I started with 5.5 gallons. I racked from my kettle to a 6 gallon better bottle and had about 4.75 gallons. My starting gravity was 1.050; assuming I get solid attenuation like I always seem to from Fermentis dry yeast, I am looking at a final gravity in the low teens and an ABV in the upper 4s. We’ll see. Beth commented that the aromas permeating from this wort were the most pleasant of any batch to date. I think using good quality coriander, vibrant chamomile, and fresh orange zest is really the way to go with this style.
I had good activity by the next morning – though there was no krausen. I’ll let it go for about 10 days or so and bottle, and hopefully we’ll be tasting in a couple of weeks.
Thanks to my awesome brother, I scored a ticket to today’s Phillies home opener against the Washington Nationals. Last year, PETA named Citizens Bank Park the most vegetarian-friendly ballpark in North America due to the various veg options. Vegan garden burgers, vegan hot dogs (taste like Smart Dogs), and vegetarian cheesesteaks (vegan if you order minus the cheese.) Well this year they have stepped it up even more – Planet Hoagie now offers crab-free crab cakes (dissapointingly not vegan) and Rick’s Steaks has added vegetarian chicken cheese steaks (again, vegan minus the cheese.)

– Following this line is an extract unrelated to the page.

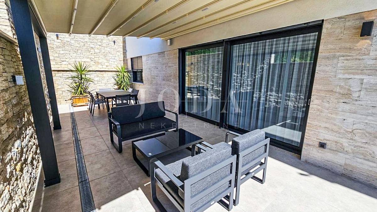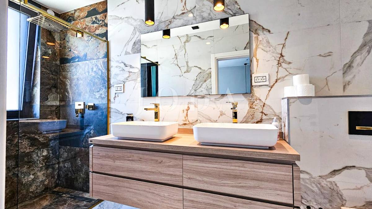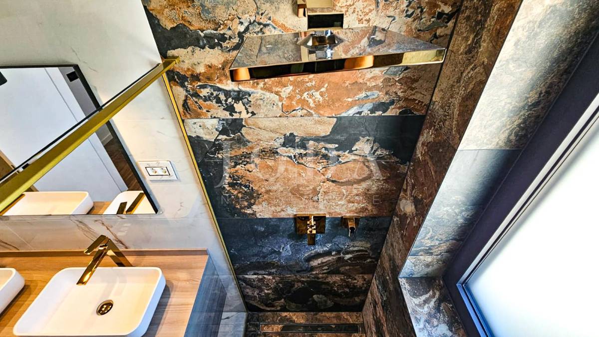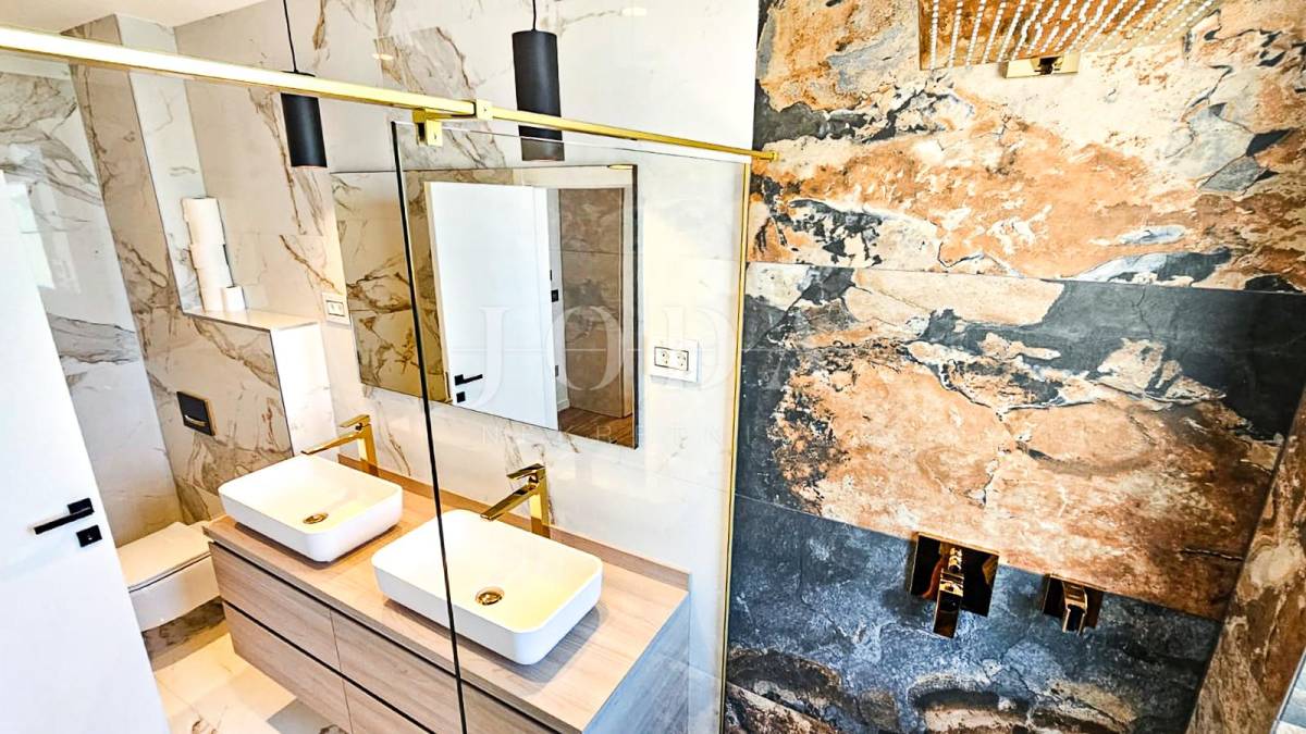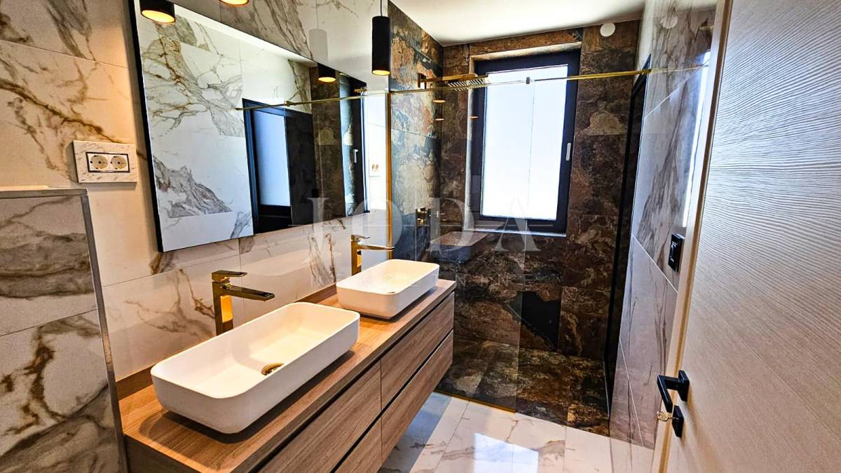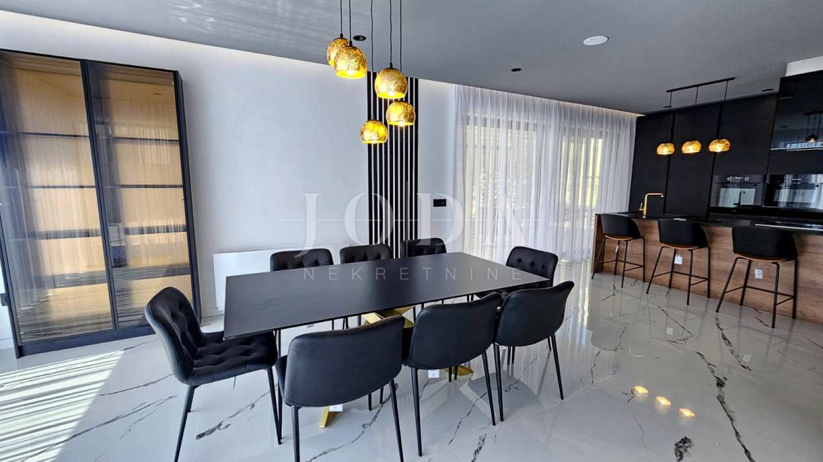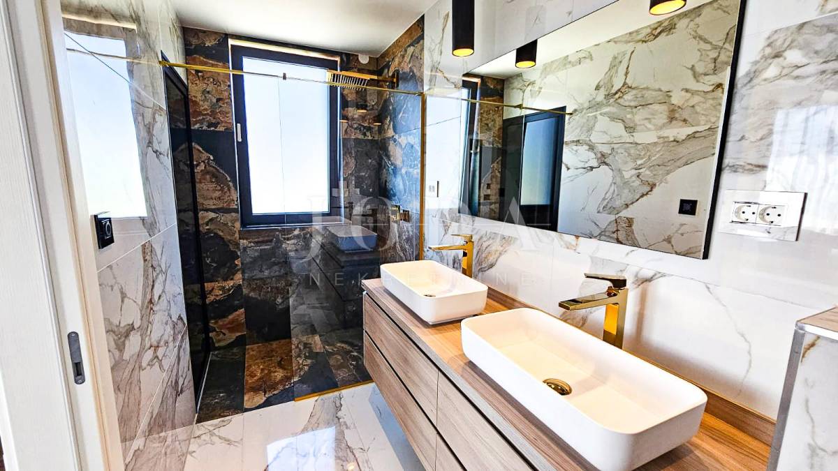 Kuća je odlično projektirana i funkcionalno raspoređena: ima 5 spavaćih soba, svaka sa svojom kupaonicom, radni prostor, wellness zonu, vinski podrum te prostrani dnevni boravak i kuhinju otvorenog koncepta, koji se otvaranjem kliznih stijena stapaju s vanjskim terasama u jedinstvenu cjelinu.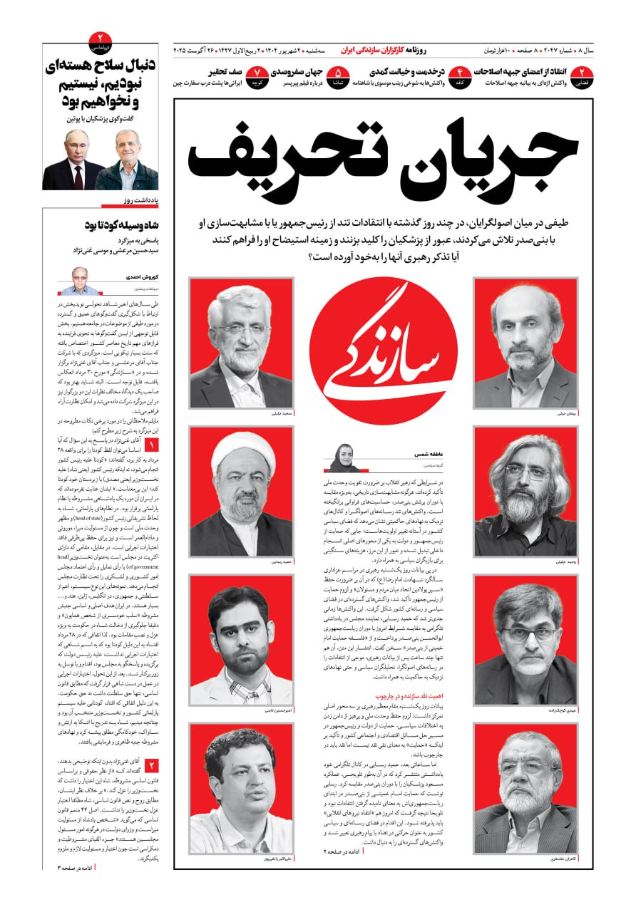 شماره ۲۰۴۷ روزنامه سازندگی ‌سه‌شنبه ۱۴۰۴/۰۶/۰۴

Since I did not have a very substantial lunch, I started the game off with a vegan hot dog and gardenburger. They have these neat onion grinder thingees that you can use to add onions to your food. You spin a wheel and out comes fresh-diced onions. Yum. A perfect accompaniment to both of those items (especially since I personally hate both mustard and ketchup.)
The second best part about the Phils’ stadium? A stellar beer selection. Pretty much every local brewery (Sly Fox, Victory, Yards, Troeg’s…. Yuengling) are represented on draught, Dogfish Head (Shelter Pale Ale, maybe) can be found in bottles, and the big national craft brews – Sam Adams and Sierra Nevada, are pouring also. Good stuff. All very vegan friendly breweries.
I helped myself to a Victory Hop Devil with my burger & dog, which was an awesome trio. I later grabbed a Troegs Sunshine Pils (ridiculously refreshing, but probably better suited for those mid summer 90 degree games, for me). My last beer of the day was somewhat ominous; Yards Philly Pale Ale, probably my favorite local goto beer (deliciously citrus-hop aroma and flavor, reasonable bitterness, light enough to drink lots of) tasted like crap, and it came right around the time that the game imploded for the Phils. I’m not sure what the deal is, but of the past 4 Yards Philly Pale pours I have had (4 different locations) – 2 were delicious, and 2 were dump-worthy. Today, it tasted kind of like malt vinegar (aceto bacteria) with a splash of moldy bread. Not pleasant. Don’t know who is to blame – infected tap lines? Brewing inconsistencies while they continue to contract brew up at The Lion (until the Delaware Ave new brewery opens?) I don’t know. I hope it gets remedied soon!
Side note: I cracked open a finally carbonated bottle of my All-Summit Pale Ale that I brewed like 6 or 7 weeks ago and it is freaking delicious. New. Favorite. Hop. Between the orangey-citrusy hop flavor & aroma and the subtle fruitiness of the Safale US-05 yeast I used, I think I’m in love.
Final Score: Nationals 11, Phillies 6… But at least I ate and drank well!